Далее в книге следовало. Дышлов, начальник ГУЛАГа, гонит колонну полосатых «зэков». Дышлов, исполнитель приговора, расстреливает в затылок несчастных заключенных. Дышлов, организатор голодного мора, сгребает лопатой груду скелетов. Дышлов, командир заградотряда, стреляет из пулемета в спину штрафбату. Эти жестокие комиксы сменялись чередой излишеств, которым предавался коммунист номер один. Дышлов пирует за роскошным столом, а за окном просит подаяние голодная девочка. Дышлов входит в свой роскошный трехэтажный дворец, отделенный стеной от трущоб и бараков. Дышлов плещется в бане, окруженный обнаженными куртизанками.
Отдельно следовала серия комиксов, вменяющая Дышлову предательство, ренегатство и трусость. Дышлов во время ГКЧП бежит из Москвы и прячется в родной деревне Козявино. Дышлов во время восстания 93-го года, обнимая Ельцина, обращается в мегафон к народу с требованием разойтись. Дышлов в холуйской позе посылает Ельцину поздравление с победой на выборах. Дышлов с протянутой рукой стоит в приемной Президента Ва-Ва.
Книгу завершала картина, на которой изображалась избирательная урна.
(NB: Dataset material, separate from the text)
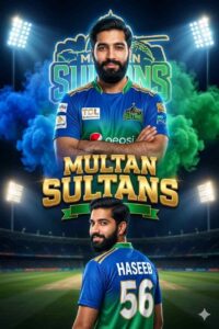 Enter your tUse the face from the uploaded image and keep the facial identity 100% accurate. Ignore the pose, outfit, background, camera angle, and lighting from the uploaded photo. Extract ONLY the face and place it into the following premium Multan Sultans poster: 1. TOP MAIN PORTRAIT (ULTRA PREMIUM LOOK) A chest-up portrait of the person in a confident sports-star pose. Arms crossed, strong posture, slight smile. Wearing the 2026 Multan Sultans–style jersey: Deep royal blue as the base color Emerald green side panels and accents Gold detailing on shoulders and collar Official sponsor patches in white, gold, and blue Highly detailed jersey texture: stitching, fabric shine, shadow depth. Cinematic rim-light on shoulders for a glowing effect. 2. SECOND POSE (BOTTOM BACK-VIEW) Same person from the back. Turning the head slightly towards the camera with a confident smile. Back of jersey must show: White bold number: 56 White uppercase name: HASEEB Gold outlines around the number for a premium look Jersey folds, lighting, and shadows must be photorealistic. 3. OFFICIAL MULTAN SULTANS COLORS Use the official color palette only: Royal blue (#0057A6) Emerald green (#008E4F) Gold (#E4B646) White accents All lighting, smoke, and glow must match these exact tones. 4. SMOKE & ENERGY EFFECTS (NEXT-LEVEL QUALITY) Dense dual-tone royal-blue and emerald-green smoke behind the top player. Smoke must glow softly as if lit by stadium floodlights. Use layered, cinematic fog like professional PSL posters. No random colors — smoke must match jersey tones perfectly. 5. BACKGROUND (FULL PREMIUM STADIUM SCENE) Dark nighttime cricket stadium backdrop. Bright white and gold floodlights shining from corners. Slight atmospheric haze for realism. Stadium seating, boundary rope, and pitch visible but subtly blurred. Gradient sky with deep navy tones. 6. TEXT & POSTER LAYOUT (MUST MATCH EXACT STYLE) Add bold, powerful text between both players: MULTAN SULTANS in giant gold letters Use the exact PSL-style kingly font Strong metallic texture Soft inner glow and outline Slight 3D depth effect Below text: Small ribbon-style plate in green or gold. Place the Multan Sultans logo emblem behind the top portrait, slightly transparent and glowing. 7. LIGHTING & FINISH High-contrast sports lighting Clean bright highlights across face and jersey Smooth cinematic shadows HDR-quality clarity Vibrant colors with PSL poster polish No cartoonish or over-edited look — must stay photorealistic Ultra-sharp edges, premium commercial quality 8. RULES FOR THE AI Use only the face from the uploaded photo. Do NOT copy hair, pose, clothing, or background from the upload. Build the entire poster layout EXACTLY as described. Two clear poses: top-front + bottom-back. Keep everything consistent with Multan Sultans branding.ext here…

В ней, ужасный ликом, оскаленный, с высунутым языком, сидел Дышлов, вытягивал наружу волосатые ручища, вырывал бюллетень у худой измученной женщины. И надпись: «Бойтесь попасть в такую пасть!»
Вся серия была выполнена лихо, брутально, производила сильное впечатление. Народ, стеная, захлебываясь хохотом, валил к Дышлову, подсовывая книги для автографа. Сделав две или три подписи, Дышлов обнаружил жуткую подмену, побагровел, стал отталкивать отвратительные фолианты. Неловко отстранил наглого репортера из «Аргонавтов и фруктов». Тот случайно ударил стоящего рядом депутата Думы. Депутат, увертываясь от удара, угодил коленом в челюсть философу. Философ, не понимая, откуда пришел удар, засадил оплеуху послу Мальты. Посол, потеряв очки, махнул наугад и разбил нос культурному атташе Германии. После этого началась всеобщая свалка.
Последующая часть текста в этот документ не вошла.